Dziś rozstrzyga się, gdzie będzie granica Wschodu i Zachodu w sensie politycznym – powiedział szef PO Donald Tusk, otwierając spotkanie na temat bezpieczeństwa z udziałem m.in. byłych prezydentów. Dodał, że sytuacja na Ukrainie będzie decydować o tym, czy Polska będzie na stałe zakorzeniona na Zachodzie.
Lider PO Donald Tusk powitał gości spotkania, zorganizowanego w czwartek pod jego auspicjami, w którym biorą udział byli prezydenci: Aleksander Kwaśniewski i Bronisław Komorowski, byli szefowie MON i MSZ, a także generałowie w stanie spoczynku.

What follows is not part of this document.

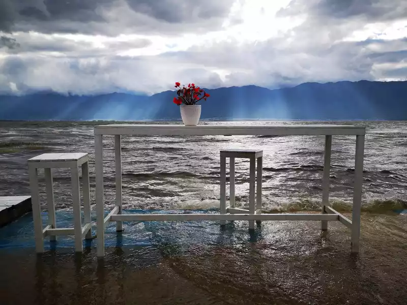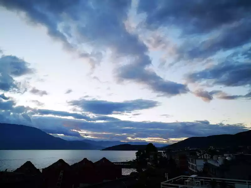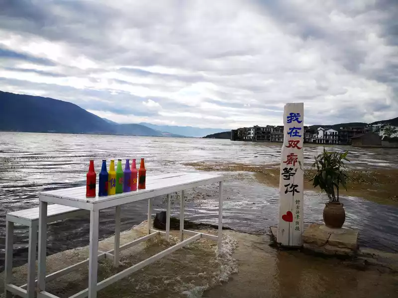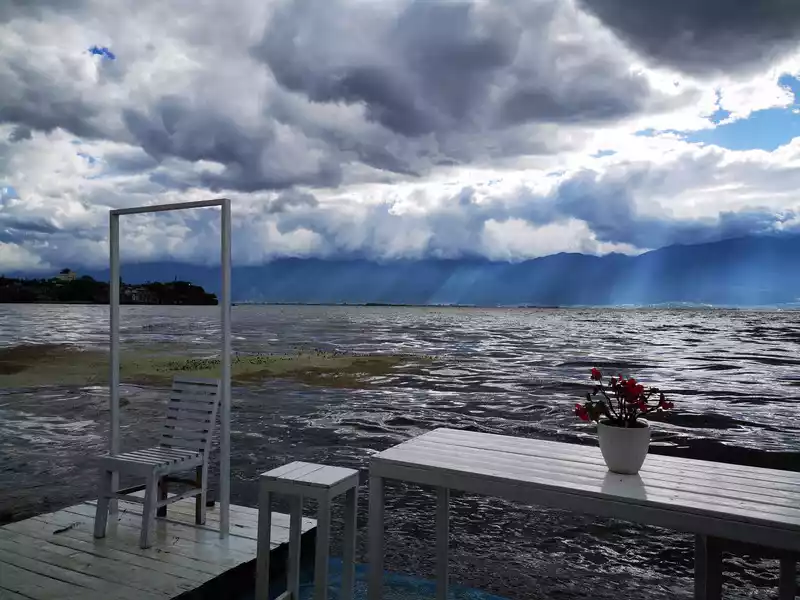 Shuanglang Town is located on the northeast bank of Erhai Lake, northeast of Dali City, close to the rippling Erhai Lake, and can overlook the nineteen peaks of Cangshan, integrating the essence of Cang'er scenery in one place. On a sunny day, the sun shines through the clouds and refracts on the lake, accompanied by the continuous Cangshan Mountains as the background, which is the shot that photographers want to capture the most. When we went, the weather was not very strong, the dark clouds were overwhelming, the sun appeared and disappeared, although we did not encounter the most beautiful scenery, but we also saw another side of Erhai Lake.

Przyznał, że jest przejęty obecną sytuacją związaną z Ukrainą. Dodał, że jedną cechą obecnej sytuacji, z którą wszyscy się zgadzają, jest to, że „zależnie od rozwoju zdarzeń w najbliższych godzinach i dniach, nikt nie ma pewności co do scenariusza”. „Należy się spodziewać każdego scenariusza” – powiedział.
Sytuacja ta, zaznaczył, wymaga jedności w wielu wymiarach. „Bardzo byśmy chcieli, by oznaczałoby to jedność na Ukrainie” – powiedział, dodając że Polska w tej sprawie powinna odgrywać większą rolę niż dziś.
Tusk przyznał też, że wobec tego, co się dzieje w kwestii bezpieczeństwa i obronności, powinno się budować „elementarne porozumienie wszystkich sił politycznych”.
„W tych dniach widać to wyraźniej, niż w ostatnich kilkudziesięciu latach – rozstrzyga się, gdzie jest granica Wschodu i Zachodu w sensie politycznym” – podkreślił lider PO.
„Tym terytorium, które to rozstrzyga, jest dzisiaj Ukraina, ale musimy zrobić wszystko, by obecność Polski na zachodzie była czymś niedwuznacznym i niekwestionowanym” – powiedział Tusk. „Sytuacja na Ukrainie będzie decydować w dużej mierze, czy Polska będzie bezpieczna i czy będzie na stałe zakorzeniona w zachodniej wspólnocie wartości i wspólnocie bezpieczeństwa” – dodał.